Preparing for an expert witness at trial? You probably are ready with the key cases of Sanchez (preventing experts from testifying about case-specific hearsay) and Sargon (prohibiting speculative opinions). Sargon has become the go-to objection for out-there expert opinions.
The talcum-powder manufacturer defendants raised Sargon in the mesothelioma case of Bader v. Johnson & Johnson, No. A158868 (D1d4 Dec. 23. 2022). The plaintiff recovered a $12 million verdict based in part on plaintiff’s expert’s novel opinion that fibrous talc causes cancer. The defendants argued that the broader consensus of experts did not agree with the plaintiff’s expert. So the defendants objected on the basis of Sargon Enterprises, Inc. v.
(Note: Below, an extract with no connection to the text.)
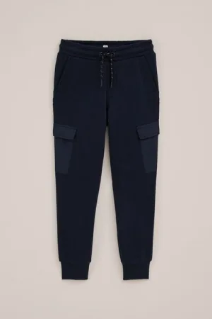 WE Fashion – Jongens regular fit joggingbroek met cargozakken – Regular fit – Donkerblauw – Katoen –
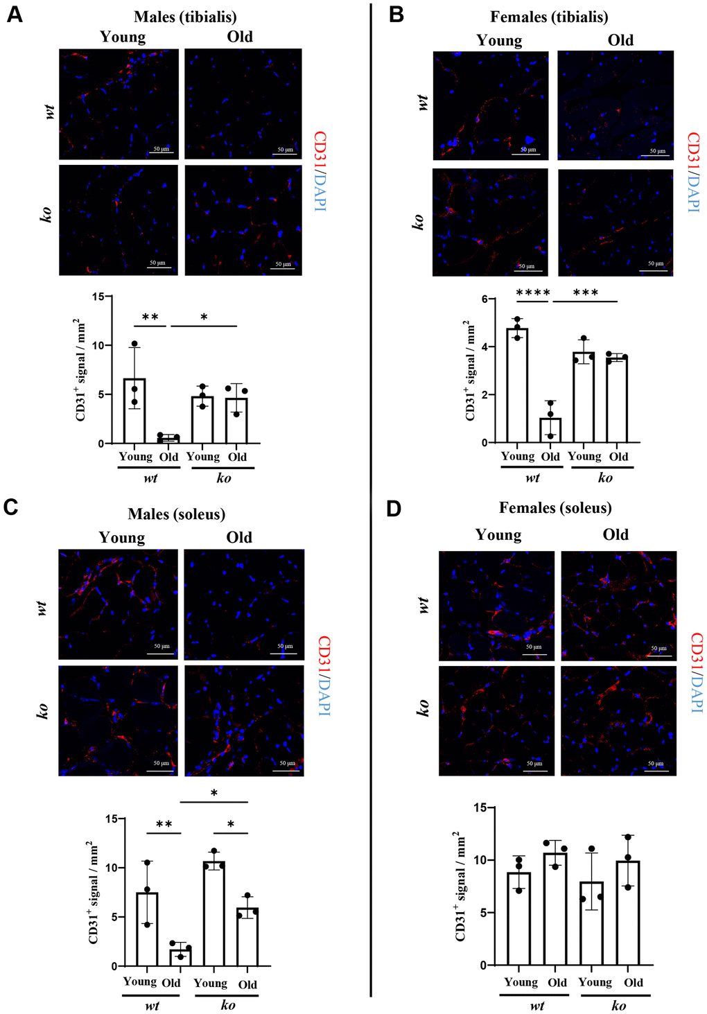 Since age is associated with chronic inflammation, the role of arg-ii in skeletal muscle inflammation was analyzed in soleus and tibialis of old wt and arg-ii-/- mice. Gene analysis of several inflammatory cytokines in the skeletal muscle tissues from male mice revealed that there was a significant reduction of mcp1 (male) and tgfb1 in the tibialis (not soleus) in arg-ii-/- as compared to age-matched wt animals (Figure 5A). No consistent inhibitory effect of arg-ii-/- on other inflammatory markers such as Il-1b, f4/80, Il6 was observed (Figure 5A). In the female mice, arg-ii-/- reduced Il-1b, mcp1, f4/80, tgfb1 in either one or two skeletal muscles (Figure 5B). Immunofluorescence confocal staining confirmed the age-associated increase in F4/80+ cells (macrophages) in tibialis of male mice, which was reduced in age-matched arg-ii-/- animals (Supplementary Figure 1). Importantly, an age-associated decrease in CD31+ cells (an endothelial marker) was observed in tibialis and soleus of wt male mice, which was prevented in age-matched arg-ii-/- animals (Figure 6A, 6C). This preventive effect of arg-ii-/- was also observed in the female tibialis muscle (Figure 6B). However, no age-associated decrease in CD31+ signals and no significant effects of arg-ii-/- were observed in the female soleus (Figure 6D).

University of Southern California (2012) 55 Cal.4th 747, 769.
But that was the wrong objection. The Court of Appeal noted that Sargon “does not speak to whether a theory has achieved a consensus in the field sufficient to render it "generally accept[ed].”” If the defendants wanted to object that the expert’s opinion was a novel theory not generally accepted within the relevant scientific community, “their motion to exclude did not challenge his testimony based on Kelly and its progeny.” So the objection was forfeited.
Had the defendants raised a Kelly objection, it could have come out either way, so the court did not express a view one way or the other.
But don’t feel too badly for the defendants’ attorneys: the Court of Appeal went on to hold that, even if the trial court erred in allowing the expert opinion to come in, the error was harmless and did not affect the result.
The Upshot: Don’t stop at Sargon! Sargon is not a substitute for objections to novel and not-generally-accepted scientific theories. For that, make sure to keep People v. Kelly (1976) 17 Cal.3d 24 in your expert-witness toolkit.